Listed entries:
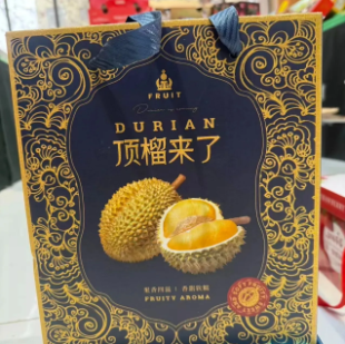 【顶榴来喽】高端礼盒内含精 品金枕榴莲一只约4-5斤/箱水 果礼盒
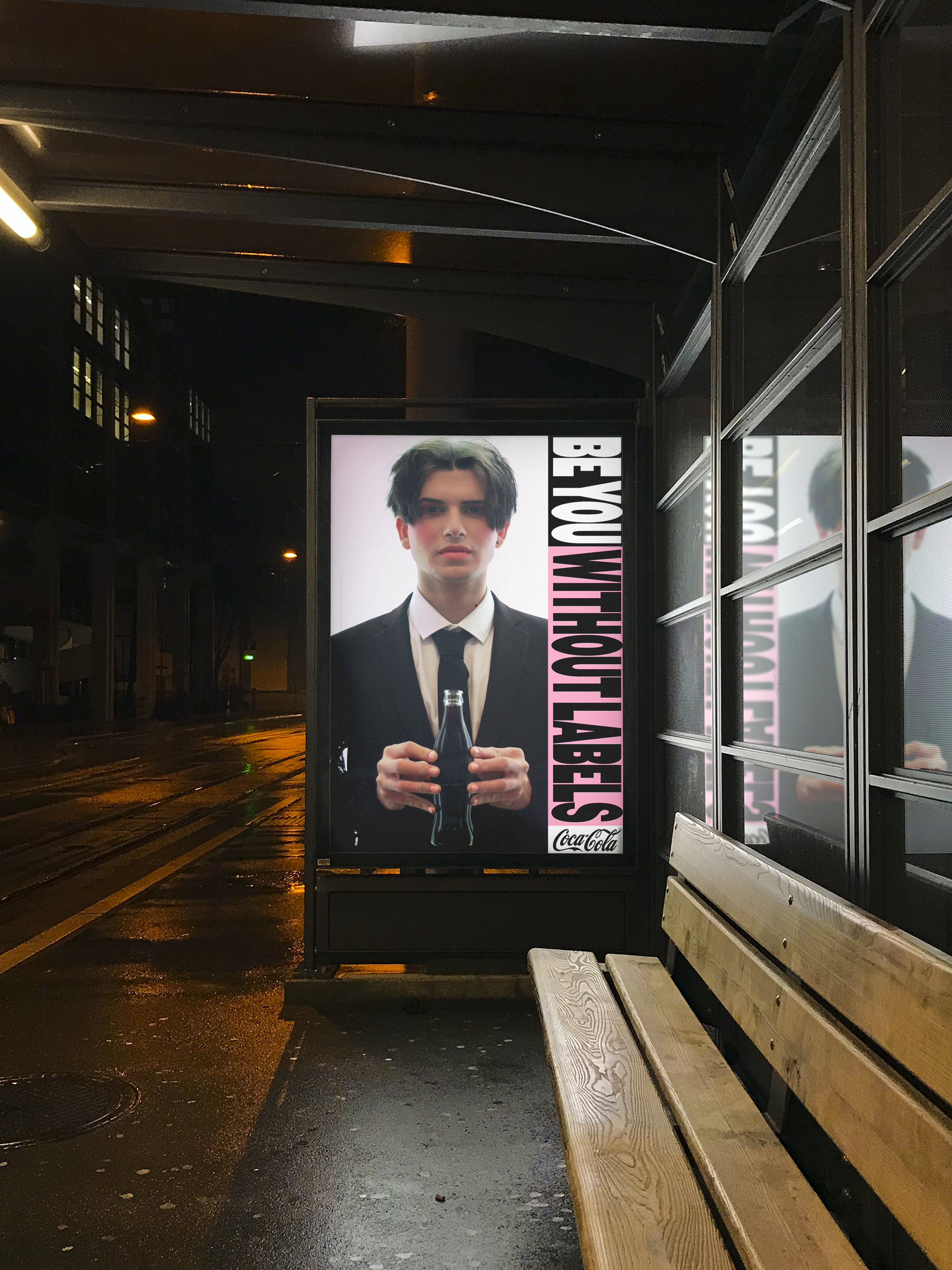 Be You Without Labels is a theoretical campaign for Coca Cola created in collaboration with Robert Goddard (Fashion Designer) and Charlie Thorrington (Photographer). It aims to present an alternative and more inclusive marketing strategy for Coca Cola; demonstrating their values as a brand and exercising their leading and influential platform to promote progressive social change and inclusive dialogues.
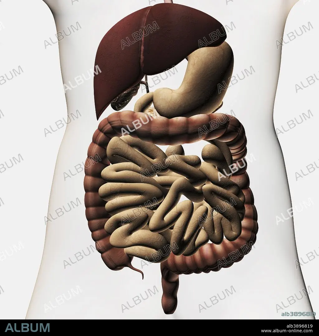 Medical illustration showing the human digestive system: liver, stomach, large intestine, small intestine.
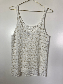 Gina Tricot white lace knit top. Back has a wider neckline than the front. No lining. Stretch knit.
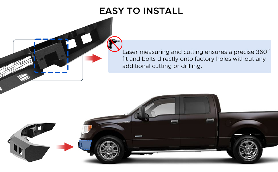 ♥ 【Easy to Replace】Easy, Bolt-on Installation.Our bumper Includes the Paper Instruction and are Engineered to be a Direct Bolt-on Upgrade Using just Basic Hand Tools, so there is No Drilling or Cutting Required for a Clean Straight Forward Installation.
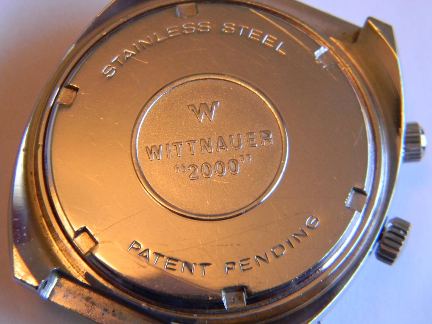 First generation model with Patent Pending case back and movement number at the 6 o'clock
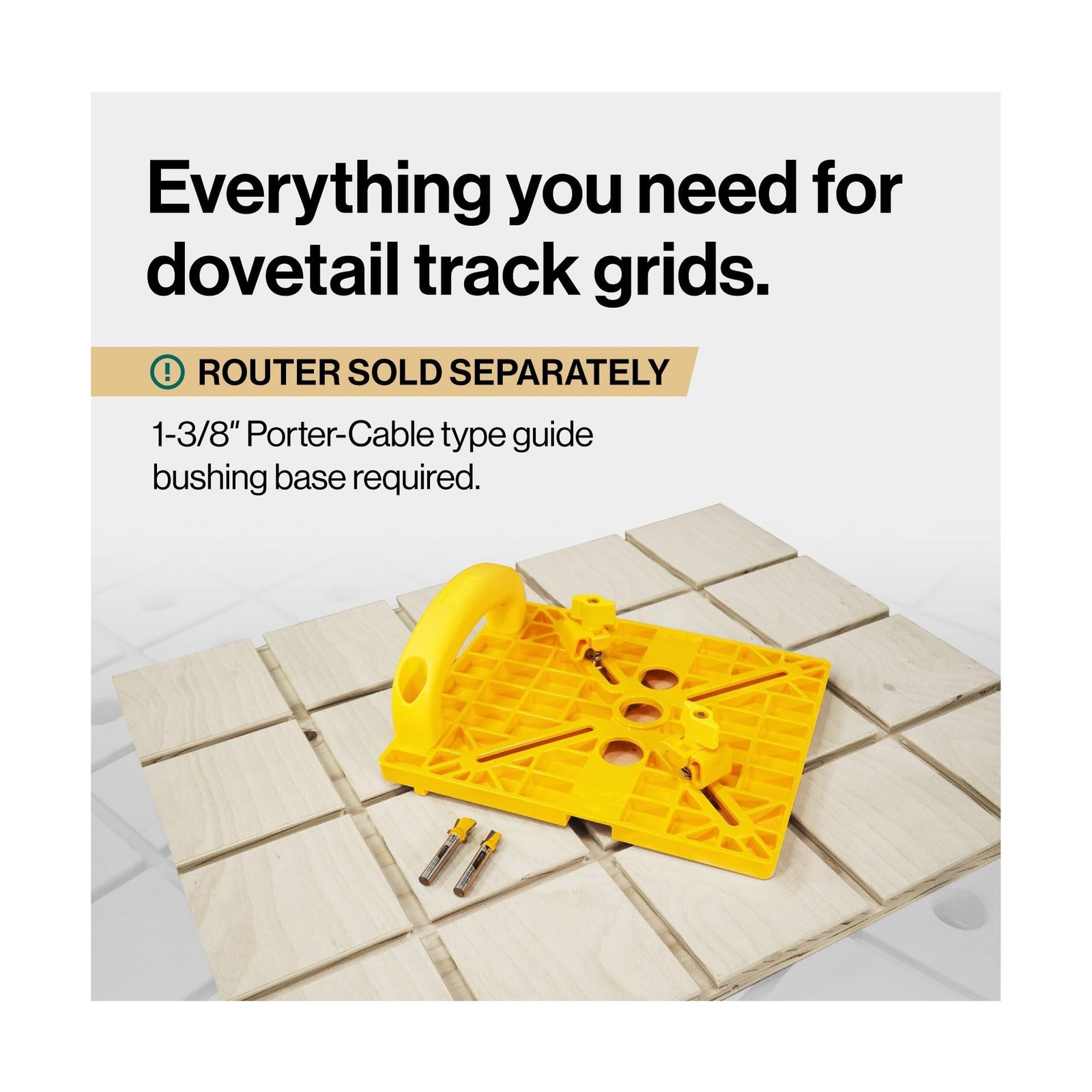 MICROJIG MatchFit Grid Router Guide Kit, Woodworking Precision Tools for Dovetail Track, Easy Setup, Self-Indexing Design, for 1/4" Shank Routing Bits Description Build the ultimate clamping setup—fast, easy, and accurate—with the MATCHFIT Grid Router Guide. Seamlessly create MATCHFIT Dovetail Grids and Dovetail Clamp Tracks. Create MATCHFIT Dovetail Clamping Grids on any size panel, eliminating the guesswork for perfect results every time. Woodworking requires precision and control, and when it comes to setting up your clamping stations, nothing beats the MATCHFIT Grid Router Guide by Microjig. Designed to work seamlessly with your router, this innovative tool makes creating MATCHFIT Dovetail Grids and Dovetail Clamp Tracks fast, easy, and accurate so you can build the ultimate clamping solution in your shop. Anywhere you can groove a dovetail track, you can clamp, secure, and confidently hold your work. Build the ultimate workbench with expansive clamping coverage and extra-wide end vices. Create 360-degree table saw sleds ready to cut at any angle. Make jigs and fixtures that are infinitely adjustable. Save time, money, and frustration with Dovetail Tracks. T-Track, who? Forget measuring, marking, or complicated setups. The MATCHFIT Grid Routing Guide features a self-indexing design that ensures perfect 4"" groove spacing every time. Simply attach the base to your router, set the included bits to the correct depth, and guide it across your panel. The grooves align themselves as you work, creating a flawless grid quickly and accurately—whether you're working on a small sled or a full 4x8 sheet. Designed and made in the USA, the MATCHFIT Grid Router Guide delivers the quality, durability, and precision you expect from a brand committed to making woodworking safer and smarter. Join our revolution started by Henry Wang in his home garage and grow our community of passionate makers and creators. We understand that purchasing new tools can feel like a risk. That's why we back the MATCHFIT Grid Router Guide with a 3-year warranty and a 100% satisfaction guarantee. If you're not thrilled with your purchase, we'll make it right. It's time to elevate your woodworking game. Say goodbye to unreliable methods and hello to the ultimate clamping setup and shop experience. With the MATCHFIT Grid Router Guide, you'll save time, reduce frustration, and achieve the precision you've always wanted when making MATCHFIT Dovetail Tracks and clamp like never before. Click 'Add to Cart' now to discover how unlimited your clamping can be! Features: CREATE CUSTOM DOVETAIL TRACK GRIDS WITH EASE: The MatchFit Grid Router Guide helps you build perfectly spaced dovetail tracks fast; Ideal for custom workbenches and jigs, this outer base makes it easy to route a complete dovetail grid on panels of any size NO MEASURING OR MARKING NEEDED: Self-indexing base ensures each groove is spaced exactly 4" apartno rulers, no layout lines; Create consistent, repeatable grooves across full 4x8 sheets or compact sleds with minimal setup and zero guesswork FAST AND EASY OPERATION: Simply set your desired depth and let the guide do the hard work for you; The smart base ensures perfectly accurate grooves every time. WORKS WITH MOST STANDARD ROUTERS: This self-indexing router guide is compatible with most routers featuring 4"7" bases and 13 HP motors; Requires a 1-3/8" Porter-Cable style guide bushing router base or adapter for secure and accurate routing performance COMPLETE KIT INCLUDED: Includes (1) Grid Router Guide, (1) Dovetail Router Bit, and (1) Relief BitJust add your router fitted with a 1-3/8 Porter-Cable style bushing adapter or base; Designed in the USA Product Details: Manufacturer: Microjig Part Number: MFRG-400-025 Item Weight: 1.37 pounds Product Dimensions: 8.75 x 10.5 x 3 inches Item model number: MFRG-400-025 Power Source: ac Item Package Quantity: 1 Included Components: (1) Bag 1A Clamp Hardware (10 pcs.) & (1) Bag 1B Handle + Hardware (7 pcs.), (1) Dovetail Bit (1/4" shank), (1) Hold Down Clamp & (1) Half Dowel Screw Adaptor, (1) Relief Bit (1/4" shank), (1) Router Guide Base Batteries Included?: No Batteries Required?: No Warranty Description: 3-Year Warranty Date First Available: January 28, 2025 Delivery We Do Not Ship Outside of the Continental US. Return Policy All items qualify for returns within 30 days of receipt. Seller is responsible for return shipping on any item that is not damaged. Feedback We take our reputation seriously, we buy and sell online, so we understand the value of trust. If you are unsatisfied with your order, please contact us and we will work with you to resolve it to your satisfaction.

Exercise: Your copy of the data should match it exactly, apart from the images, which are omitted.

Output:
 【顶榴来喽】高端礼盒内含精 品金枕榴莲一只约4-5斤/箱水 果礼盒
 Be You Without Labels is a theoretical campaign for Coca Cola created in collaboration with Robert Goddard (Fashion Designer) and Charlie Thorrington (Photographer). It aims to present an alternative and more inclusive marketing strategy for Coca Cola; demonstrating their values as a brand and exercising their leading and influential platform to promote progressive social change and inclusive dialogues.
 Medical illustration showing the human digestive system: liver, stomach, large intestine, small intestine.
 Gina Tricot white lace knit top. Back has a wider neckline than the front. No lining. Stretch knit.
 ♥ 【Easy to Replace】Easy, Bolt-on Installation.Our bumper Includes the Paper Instruction and are Engineered to be a Direct Bolt-on Upgrade Using just Basic Hand Tools, so there is No Drilling or Cutting Required for a Clean Straight Forward Installation.
 First generation model with Patent Pending case back and movement number at the 6 o'clock
 MICROJIG MatchFit Grid Router Guide Kit, Woodworking Precision Tools for Dovetail Track, Easy Setup, Self-Indexing Design, for 1/4" Shank Routing Bits Description Build the ultimate clamping setup—fast, easy, and accurate—with the MATCHFIT Grid Router Guide. Seamlessly create MATCHFIT Dovetail Grids and Dovetail Clamp Tracks. Create MATCHFIT Dovetail Clamping Grids on any size panel, eliminating the guesswork for perfect results every time. Woodworking requires precision and control, and when it comes to setting up your clamping stations, nothing beats the MATCHFIT Grid Router Guide by Microjig. Designed to work seamlessly with your router, this innovative tool makes creating MATCHFIT Dovetail Grids and Dovetail Clamp Tracks fast, easy, and accurate so you can build the ultimate clamping solution in your shop. Anywhere you can groove a dovetail track, you can clamp, secure, and confidently hold your work. Build the ultimate workbench with expansive clamping coverage and extra-wide end vices. Create 360-degree table saw sleds ready to cut at any angle. Make jigs and fixtures that are infinitely adjustable. Save time, money, and frustration with Dovetail Tracks. T-Track, who? Forget measuring, marking, or complicated setups. The MATCHFIT Grid Routing Guide features a self-indexing design that ensures perfect 4"" groove spacing every time. Simply attach the base to your router, set the included bits to the correct depth, and guide it across your panel. The grooves align themselves as you work, creating a flawless grid quickly and accurately—whether you're working on a small sled or a full 4x8 sheet. Designed and made in the USA, the MATCHFIT Grid Router Guide delivers the quality, durability, and precision you expect from a brand committed to making woodworking safer and smarter. Join our revolution started by Henry Wang in his home garage and grow our community of passionate makers and creators. We understand that purchasing new tools can feel like a risk. That's why we back the MATCHFIT Grid Router Guide with a 3-year warranty and a 100% satisfaction guarantee. If you're not thrilled with your purchase, we'll make it right. It's time to elevate your woodworking game. Say goodbye to unreliable methods and hello to the ultimate clamping setup and shop experience. With the MATCHFIT Grid Router Guide, you'll save time, reduce frustration, and achieve the precision you've always wanted when making MATCHFIT Dovetail Tracks and clamp like never before. Click 'Add to Cart' now to discover how unlimited your clamping can be! Features: CREATE CUSTOM DOVETAIL TRACK GRIDS WITH EASE: The MatchFit Grid Router Guide helps you build perfectly spaced dovetail tracks fast; Ideal for custom workbenches and jigs, this outer base makes it easy to route a complete dovetail grid on panels of any size NO MEASURING OR MARKING NEEDED: Self-indexing base ensures each groove is spaced exactly 4" apartno rulers, no layout lines; Create consistent, repeatable grooves across full 4x8 sheets or compact sleds with minimal setup and zero guesswork FAST AND EASY OPERATION: Simply set your desired depth and let the guide do the hard work for you; The smart base ensures perfectly accurate grooves every time. WORKS WITH MOST STANDARD ROUTERS: This self-indexing router guide is compatible with most routers featuring 4"7" bases and 13 HP motors; Requires a 1-3/8" Porter-Cable style guide bushing router base or adapter for secure and accurate routing performance COMPLETE KIT INCLUDED: Includes (1) Grid Router Guide, (1) Dovetail Router Bit, and (1) Relief BitJust add your router fitted with a 1-3/8 Porter-Cable style bushing adapter or base; Designed in the USA Product Details: Manufacturer: Microjig Part Number: MFRG-400-025 Item Weight: 1.37 pounds Product Dimensions: 8.75 x 10.5 x 3 inches Item model number: MFRG-400-025 Power Source: ac Item Package Quantity: 1 Included Components: (1) Bag 1A Clamp Hardware (10 pcs.) & (1) Bag 1B Handle + Hardware (7 pcs.), (1) Dovetail Bit (1/4" shank), (1) Hold Down Clamp & (1) Half Dowel Screw Adaptor, (1) Relief Bit (1/4" shank), (1) Router Guide Base Batteries Included?: No Batteries Required?: No Warranty Description: 3-Year Warranty Date First Available: January 28, 2025 Delivery We Do Not Ship Outside of the Continental US. Return Policy All items qualify for returns within 30 days of receipt. Seller is responsible for return shipping on any item that is not damaged. Feedback We take our reputation seriously, we buy and sell online, so we understand the value of trust. If you are unsatisfied with your order, please contact us and we will work with you to resolve it to your satisfaction.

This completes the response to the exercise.